How Do You Know if the Models Work? Humans
Generative models produce synthetic data that looks realistic to them but not necessarily to a human. The current state of the art in image classification uses deep learning, as do many of the most exciting approaches to generative models, like generative adversarial networks. Deep learning is very good at identifying statistical regularities in large datasets, but recent work has shown it can also be fooled by the addition of certain kinds of statistical noise to its inputs.
This noise — known as adversarial perturbations — can cause deep networks to drastically misclassify images. With their many different architectures trained on many different datasets, deep networks are ripe for falling prey to this type of noise. As it happens, the perturbations themselves are almost invisible to the human eye, and human identification of the images isn’t affected at all. So what’s the problem? It turns out these perturbations can lead very sophisticated models — even those that are trained to exacting standards on large datasets—to produce outputs with high confidence that are also completely wrong.
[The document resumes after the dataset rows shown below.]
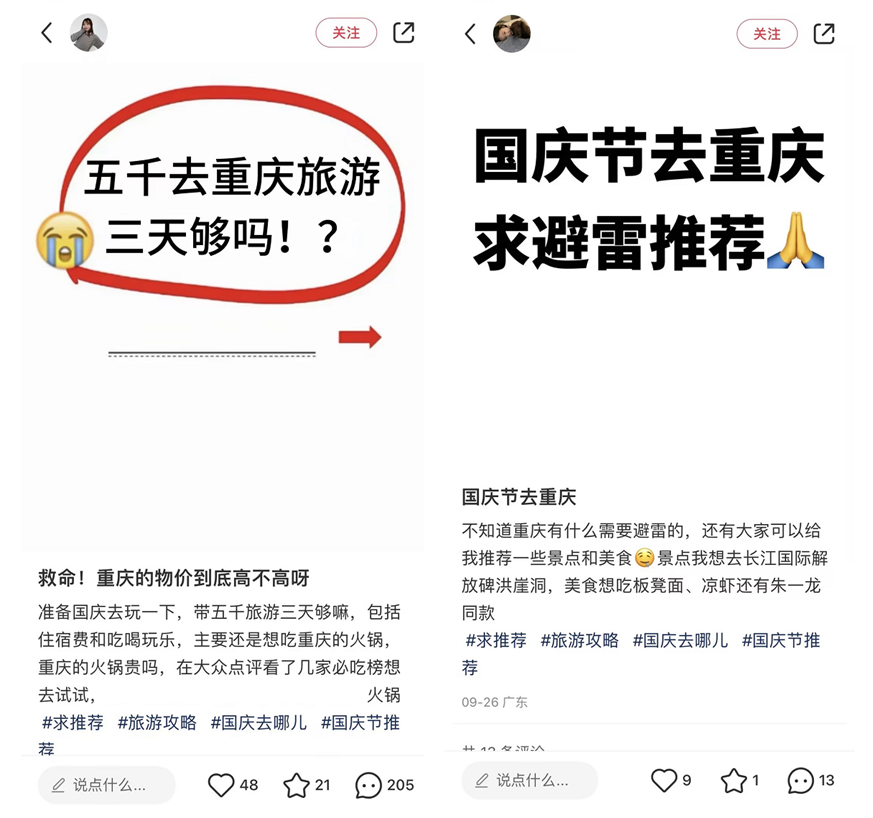 文案中没有大肆渲染火锅的味道有多么好吃,而是选择了一个极具讨论度的话题,寥寥几笔就将平台内对重庆旅行感兴趣的潜在游客吸引了过来。
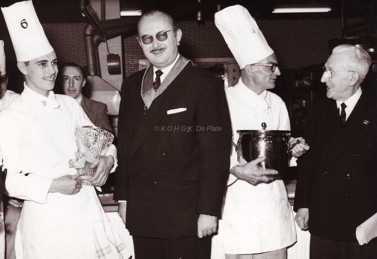 Centraal Roger De Ramée, concessionnaris Casino-Kursaal met links, de winnaar René Kobs van de kookwedstrijd Prosper Montagné ("Beste Kok van België 1960"), met een recept van schaap. Uiterst rechts, Gaston Clement. Foto genomen in de keukens van het Kursaal.
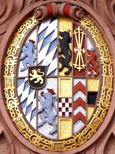 Das in den Segmentbogengiebel gesetzte Wappen in ovaler Kartusche, von einem Ranghut bekrönt und von zahlreichen militärischen Insignien, Kanonen, Trophäen, Feldzeichen, Fässern, Kanonenkugeln, Trommeln, Fahnen, Hellebarden und zwei Götterfiguren umgeben, gehört zu Gustav Samuel Leopold Pfalzgraf bei Rhein zu Zweibrücken-Kleeburg, Herzog v. Bayern (12.4.1670 - 17.9.1731), dem Bauherrn des Schlosses von 1720-1725.
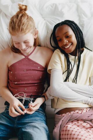 Топ с горловиной халтер и перекрещенными на спине бретелями. Декорирован заклепками.
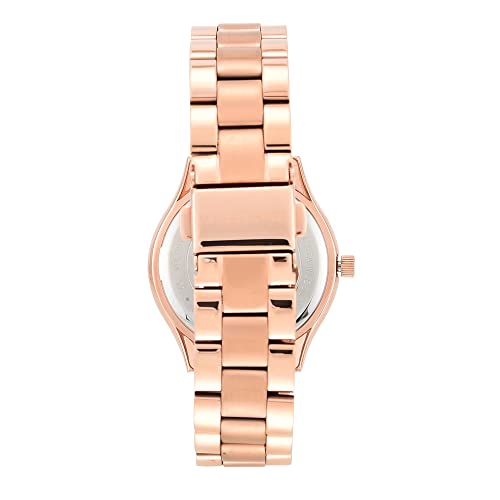 Watch Band: Rose gold-tone stainless steel bracelet band; 18mm band width; links can be removed for a customized fit
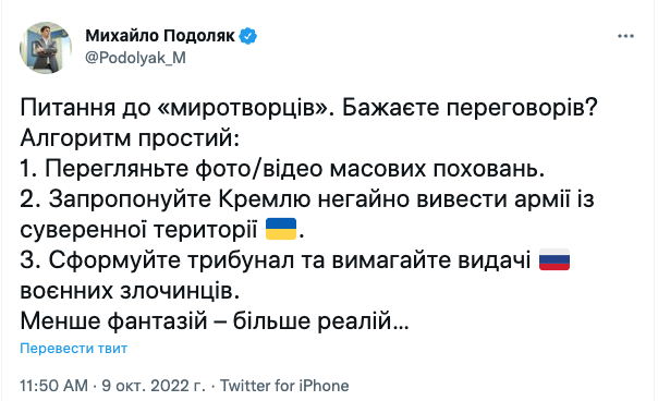 Подоляк потребовал создать трибунал против России, а не рассуждать о мирных переговорах
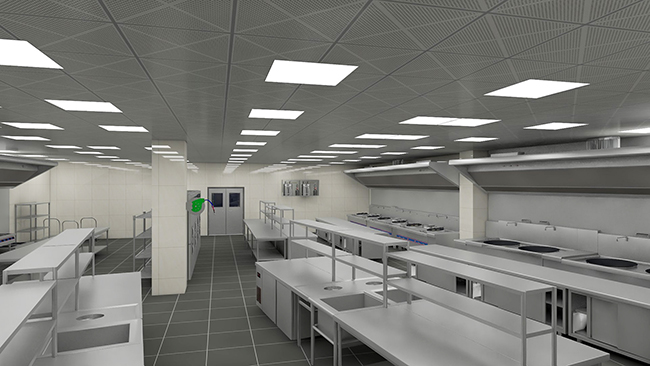 厨房照明系统器件单一,用电量比较小,但数量多,工作时间长,因此不能低估日积月累的能耗。在设计时要点位疏密合适,确保重点照度;采用高效低耗的节能光源;采取分路控制,非工作时间降低不必要的区域的照度;非主要通道采用光控方式控制开关时间;加装新型高效照明反射罩。在厨房布局设计时就要尽量利用自然光采光,可以节约大量能源。

Given this, how can we validate that a set of data produced synthetically is genuinely realistic? Or that a model trained on synthetic data is performing accurately under real-world operating conditions? Ultimately, the only way is to check the model’s performance on a well-understood set of real-world validation data, annotated with the expected ground truth outputs by, you guessed it: humans.
The combination of machine intelligence and human intelligence is a powerful one. There’s a tremendous amount we can accomplish together, and that’s how we should think about the future of machines and humans: better together. That’s not to say that gathering accurate human data at scale is easy — it isn’t. Instead of searching for replacements for human-generated training and validation data, we would be better off devising the best ways to integrate the best of people and computers.